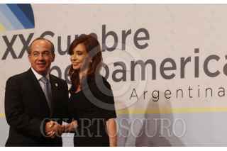 MAR DE PLATA, ARGENTINA, 03DICIEMBRE2010.- Felipe Calderón, Presidente de los Estados Unidos Mexicanos, durante el saludo protocolario con Cristina Fernandez De Kirchner, Presidenta de Argentina, en la ceremonia de inaguración de la XX cumbre Iberoamericana. FOTO: ALFREDO GUERRERO/CUARTOSCURO.COM
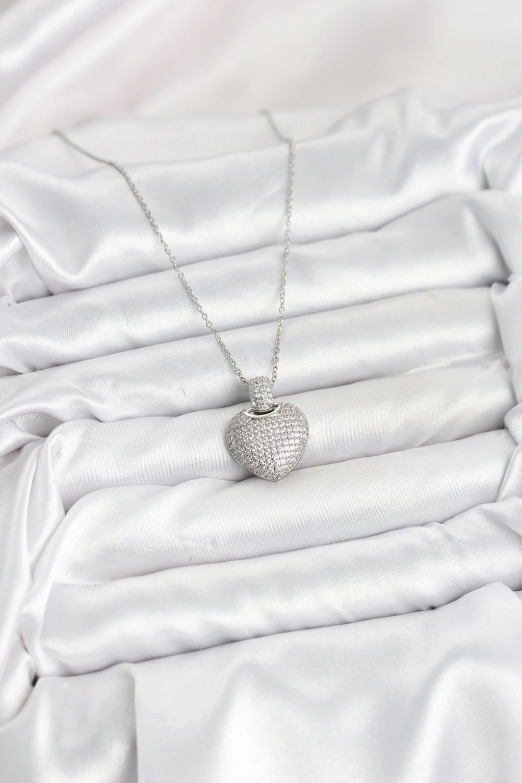 316L Çelik Zincir Gümüş Renk Zirkon Taşlı Kalpli Kadın Kolye
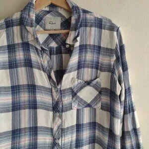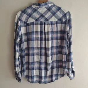 Rails Charli Shirt M Blue Pink Plaid Flowy Relaxed Fit Button Front Top
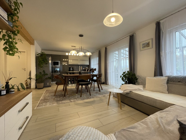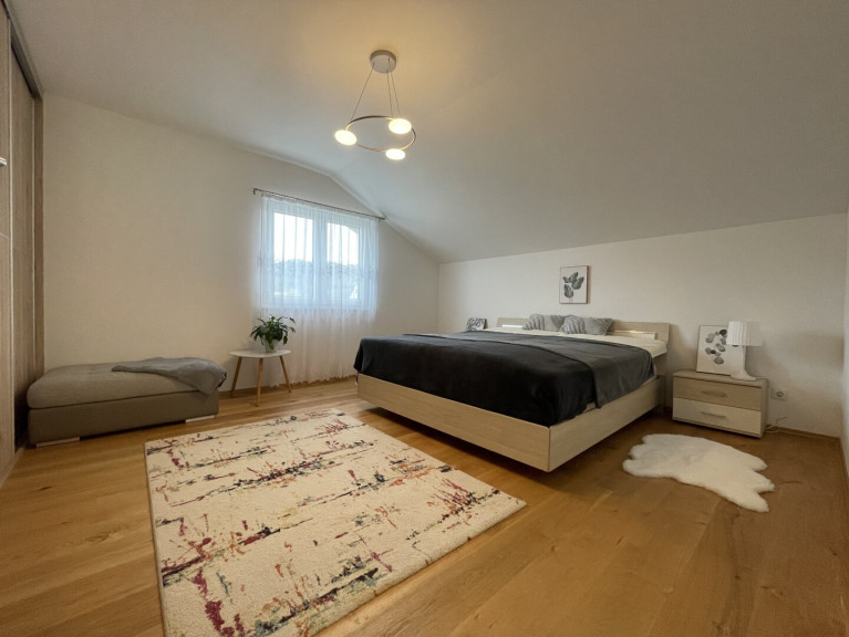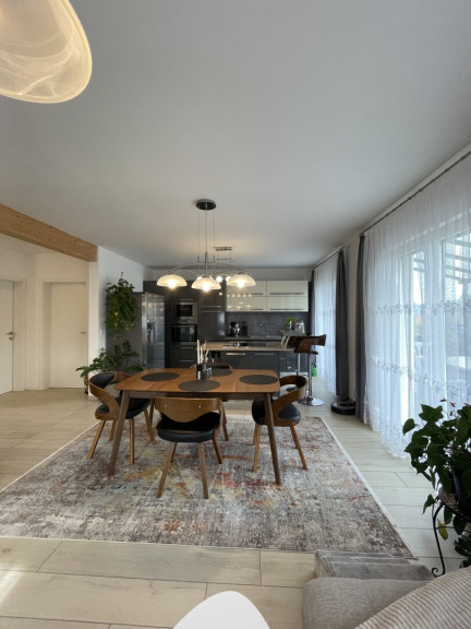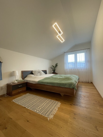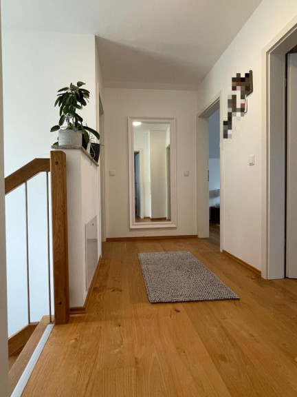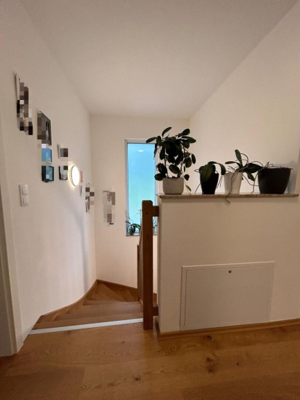 Das gesamte Haus ist mit einer Luftwärmepumpe und einer Fußbodenheizung ausgestattet und sorgt somit für ein behagliches Wohnklima. Helle, hochwertige Materialien wie Parkettböden und Fliesen verleihen dem Objekt eine stilvolle Atmosphäre. Die Fenster sind mit Außenjalousien ausgestattet, die sowohl für Lichtschutz als auch für zusätzlichen Komfort sorgen.
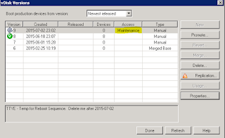 This turns the VM to a ‘persistent’ state for this duration. Once the sequence is completed I delete the version and set my VM back to production. The caveat here is only one VM may use the maintenance version at a time.
****
Task prompt: The lines above starting at the one that holds "316L Çelik Zincir" and ending at the one that holds "Rails Charli Shirt" are to be written out exactly, ends included, and no pictures are to be copied.

Solution to the problem:
 316L Çelik Zincir Gümüş Renk Zirkon Taşlı Kalpli Kadın Kolye
 Rails Charli Shirt M Blue Pink Plaid Flowy Relaxed Fit Button Front Top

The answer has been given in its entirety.